:: Data records
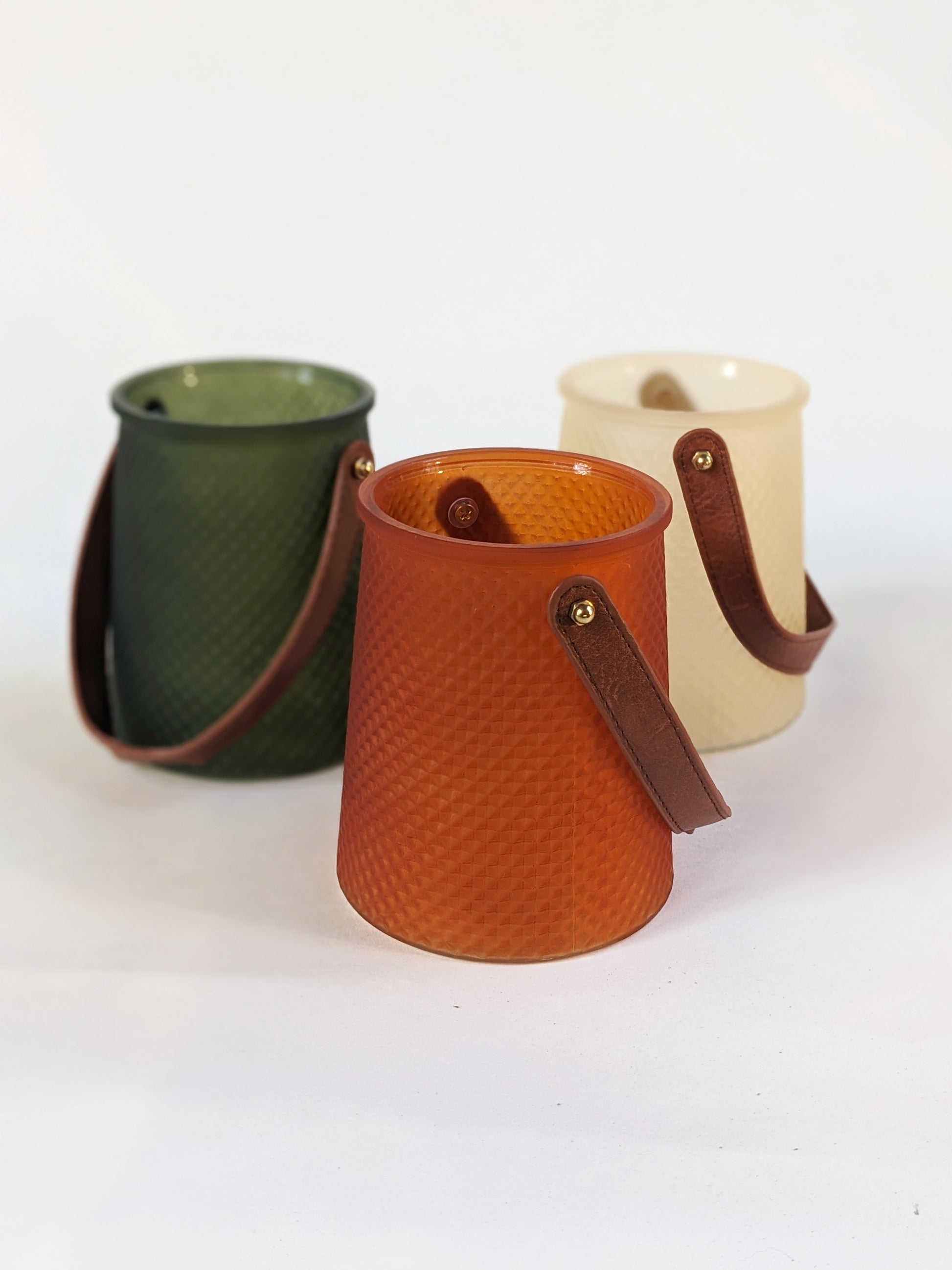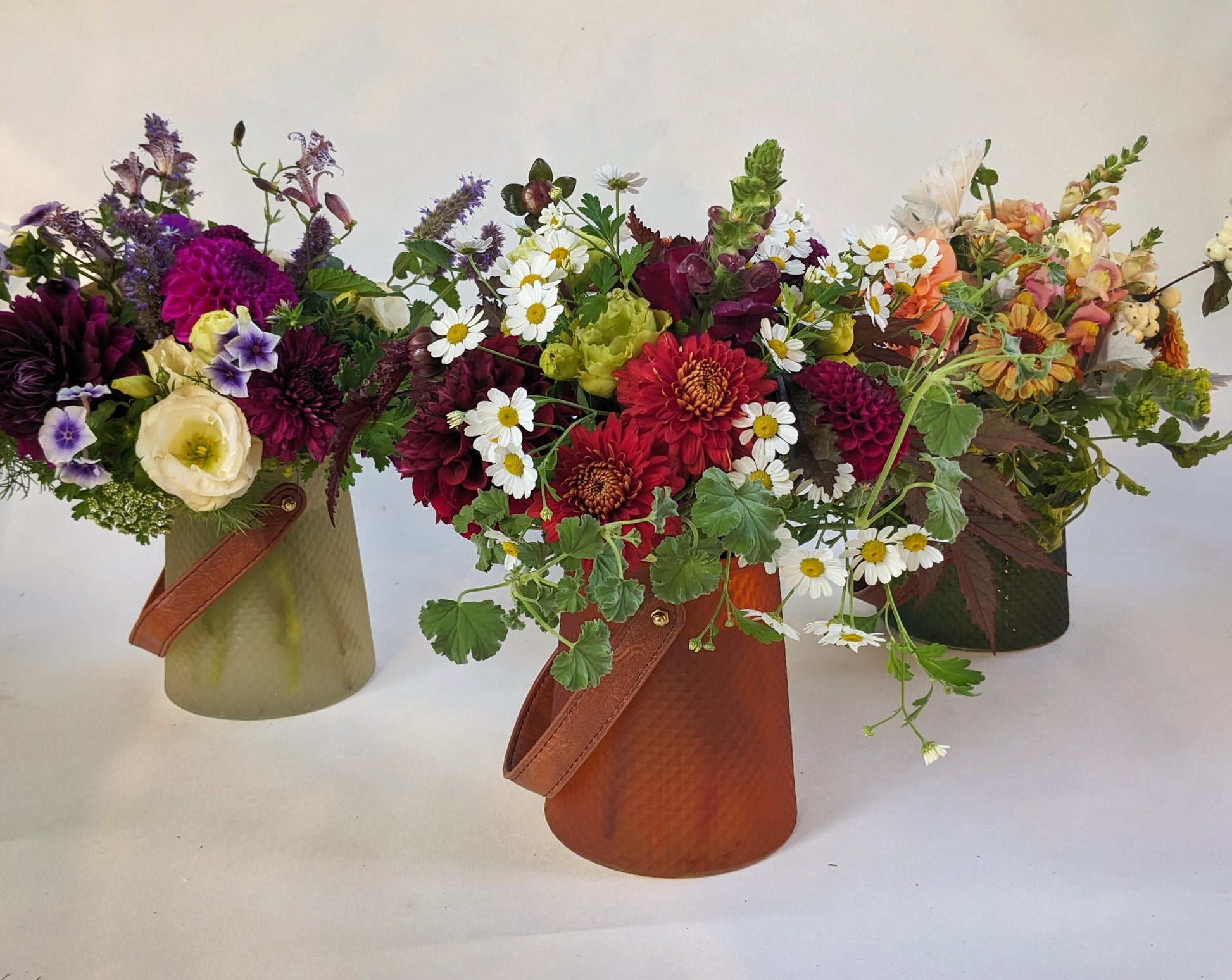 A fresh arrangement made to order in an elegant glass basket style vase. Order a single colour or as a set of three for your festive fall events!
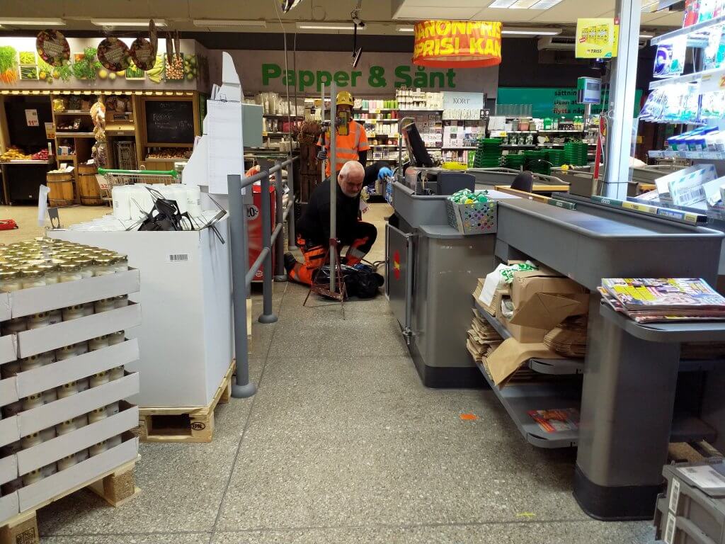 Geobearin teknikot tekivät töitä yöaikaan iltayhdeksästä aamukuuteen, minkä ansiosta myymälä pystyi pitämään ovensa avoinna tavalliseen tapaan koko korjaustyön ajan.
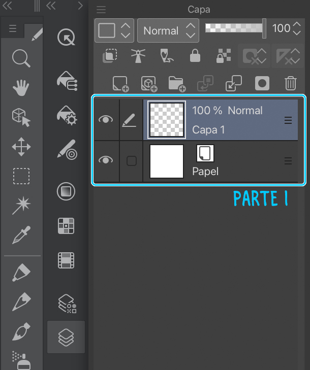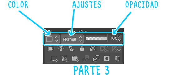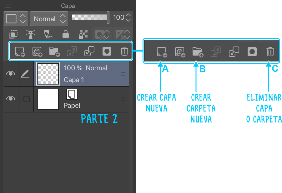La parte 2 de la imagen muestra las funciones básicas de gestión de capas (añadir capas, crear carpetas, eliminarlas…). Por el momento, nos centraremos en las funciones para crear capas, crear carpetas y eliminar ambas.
::::
:: Data records
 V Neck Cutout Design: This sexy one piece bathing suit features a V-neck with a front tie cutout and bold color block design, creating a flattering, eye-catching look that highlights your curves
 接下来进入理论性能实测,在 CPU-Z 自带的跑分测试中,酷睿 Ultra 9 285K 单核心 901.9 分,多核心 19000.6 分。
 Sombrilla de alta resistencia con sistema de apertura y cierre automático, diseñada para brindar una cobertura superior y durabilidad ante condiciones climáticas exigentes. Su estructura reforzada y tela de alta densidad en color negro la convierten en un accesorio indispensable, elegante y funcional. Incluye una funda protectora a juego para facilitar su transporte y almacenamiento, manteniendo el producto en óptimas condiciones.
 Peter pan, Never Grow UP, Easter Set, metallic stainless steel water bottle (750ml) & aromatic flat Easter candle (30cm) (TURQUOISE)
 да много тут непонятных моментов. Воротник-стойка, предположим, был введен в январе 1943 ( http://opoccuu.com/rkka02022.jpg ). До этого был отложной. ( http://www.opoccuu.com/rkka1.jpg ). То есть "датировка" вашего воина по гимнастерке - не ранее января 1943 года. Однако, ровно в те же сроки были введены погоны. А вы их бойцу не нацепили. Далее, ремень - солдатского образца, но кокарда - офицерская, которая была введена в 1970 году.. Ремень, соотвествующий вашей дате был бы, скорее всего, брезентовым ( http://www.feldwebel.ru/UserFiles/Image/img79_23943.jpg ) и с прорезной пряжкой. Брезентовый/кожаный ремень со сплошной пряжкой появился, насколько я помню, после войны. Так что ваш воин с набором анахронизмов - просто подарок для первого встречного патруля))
::::
## Problem to work on
What you return must match the lines above from the one with "A fresh arrangement" through the one with "La parte 2 de" exactly, with both ends included and the pictures excluded.

## Exercise output
 A fresh arrangement made to order in an elegant glass basket style vase. Order a single colour or as a set of three for your festive fall events!
 Geobearin teknikot tekivät töitä yöaikaan iltayhdeksästä aamukuuteen, minkä ansiosta myymälä pystyi pitämään ovensa avoinna tavalliseen tapaan koko korjaustyön ajan.
La parte 2 de la imagen muestra las funciones básicas de gestión de capas (añadir capas, crear carpetas, eliminarlas…). Por el momento, nos centraremos en las funciones para crear capas, crear carpetas y eliminar ambas.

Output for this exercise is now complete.